- [Your objective]:
Start at the top of the records and, please, print each line exactly through the line that contains "Gambar 1. Peta Lokasi SMA Swasta Sultan Agung", leaving out all pictures.

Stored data
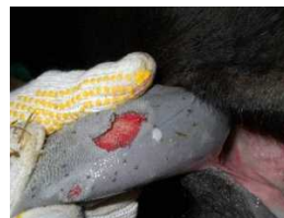
舌のびらん（黒毛和種）

39. 0度以上の発熱、流ぜん、口やひづめに水ほうやびらんなどがあれば、家畜保健衛生所へ届け出ることが義務化されました。
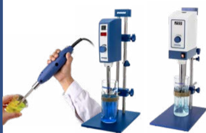
高剪切均质乳化机
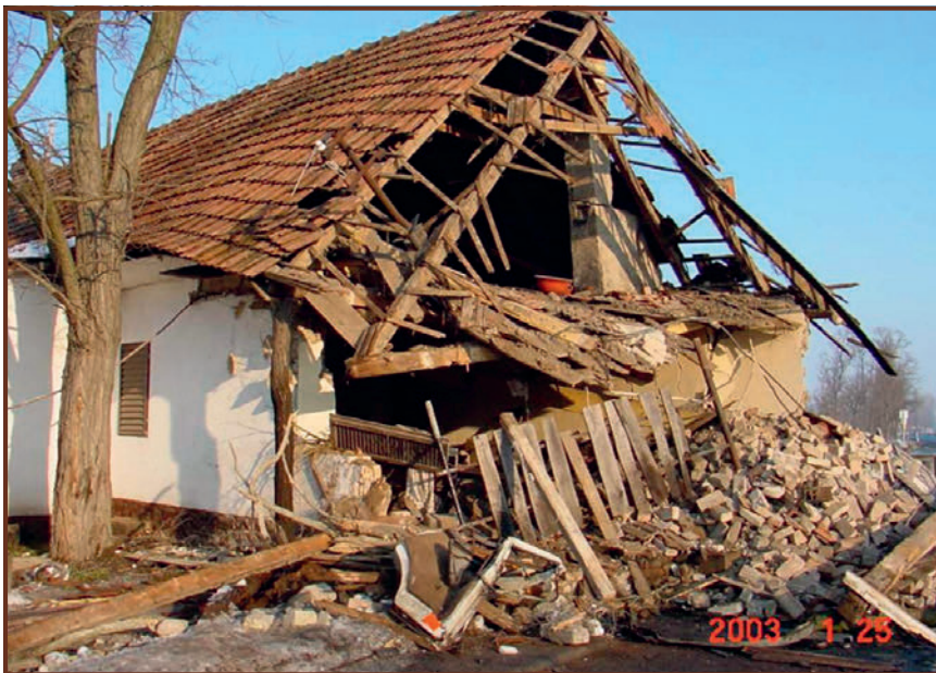
A Levegő csárda romjai az autós tragédia után
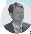
ローレント・ガロシ
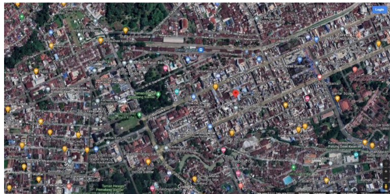
Gambar 1. Peta Lokasi SMA Swasta Sultan Agung

memiliki kualitas yang baik dan sekaligus juga inovatif, sehingga memiliki ciri khas tersendiri untuk bersaing di pangsa pasar. Dengan adanya peningkatan keterampilan dan pengetahuan pada aspek strategi pemasaran serta penggunaan media pemasaran, diharapkan mampu memberikan peningkatan yang signifikan. Jarak ke lokasi mitra yakni dari Kampus Sekolah Tinggi Ilmu Ekonomi Sultan Agung berada pada kisaran 1,2 km atau membutuhkan waktu perjalanan sekitar 5 menit jika perjalanan ditempuh dengan menggunakan kendaraan roda empat da 3 menit jika ditempuh dengan menggunakan kendaraan roda 2
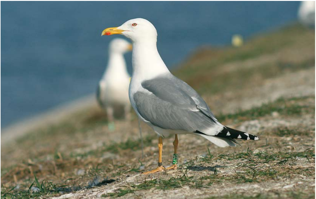
213-215 Hybrid Caspian x Herring Gull / hybride Pontische Meeuw x Zilvermeeuw Larus cachinnans x argentatus , fifth-calendar year, Włocławek reservoir, central Poland, April 2009. Offspring of male cachinnans and female yellow-legged argentatus , ringed as chick in the nest at Włocławek reservoir (central Poland) in May 2005 and found breeding in same colony in 2009. Note non-spotted iris, intense coloration of bare parts and large amount of black on wing-tip (including seven black-tipped primaries and patterns of both p9 and p10), creating appearance strongly resembling Yellow-legged Gull L. michahellis . Such hybrids are impossible to separate from pure michahellis based on phenotype alone.
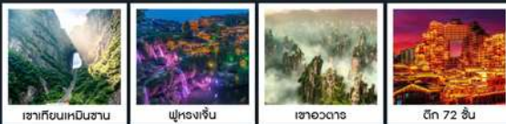
เขากิยอนเหมินซาน
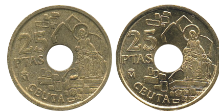
OFRENDA DERECHA. 25 pesetas año 1998
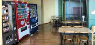
いこい広場 (無料休憩スペース)

- [Result]:
舌のびらん（黒毛和種）

39. 0度以上の発熱、流ぜん、口やひづめに水ほうやびらんなどがあれば、家畜保健衛生所へ届け出ることが義務化されました。
高剪切均质乳化机
A Levegő csárda romjai az autós tragédia után
ローレント・ガロシ
Gambar 1. Peta Lokasi SMA Swasta Sultan Agung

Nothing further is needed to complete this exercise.